The Khatso people (喀卓人), commonly known as the Yunnan Mongols (云南蒙古族), is a Mongolic ethnic group, mainly distributed in Tonghai County in the Yunnan province of southwestern China. The Khatso people are descendants of the army personnel of the Yuan dynasty.

==History==
Before the mid-13th century, Yunnan was held by many war-like independent states such as the Nanchao and Dali Kingdoms. The Mongol Empire under Möngke Khan conquered the Dali Kingdom in 1253. Until 1273, a Chinggisid prince received viceroyalty over the area. Kublai Khan appointed the first governor, Turkmen Sayid Ajall, in Yunnan in 1273.

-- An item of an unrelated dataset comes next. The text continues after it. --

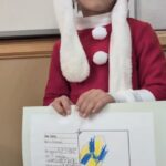 また、冬休みの思い出を発表したクラスでは、「I went to my grandma’s house.」「I played with my cousins.」など、帰省した話や家族で出かけた出来事を紹介しました。クリスマスをテーマにしたクラスでは、サンタさんへのお手紙を英語で書き、「Dear Santa, I want a new game.」と発表する姿も見られました。

Yunnan and Hunan were the main bases for Mongol military operations in Indo-China. The Yuan gave the name Yunnan district with Kunming as the headquarters. After the expulsion of the Mongols from China in 1368, the Ming dynasty destroyed the Yuan loyalists in Yunnan under Basalawarmi in 1381 and occupied it. In 1381, "Ming Dynasty troops routed the Yuan army by the shore of the Baishui River. The Mongol soldiers, their hopes to return to their homeland having been dashed, had no alternative but to settle down in the province."

In the early 1980s, village elders sent a delegation to Inner Mongolia to re-learn their long lost Mongol culture. They adopted customs similar to Mongols in the north gradually, and wrestling became their favorite sport when they saw how popular it was with other Mongols.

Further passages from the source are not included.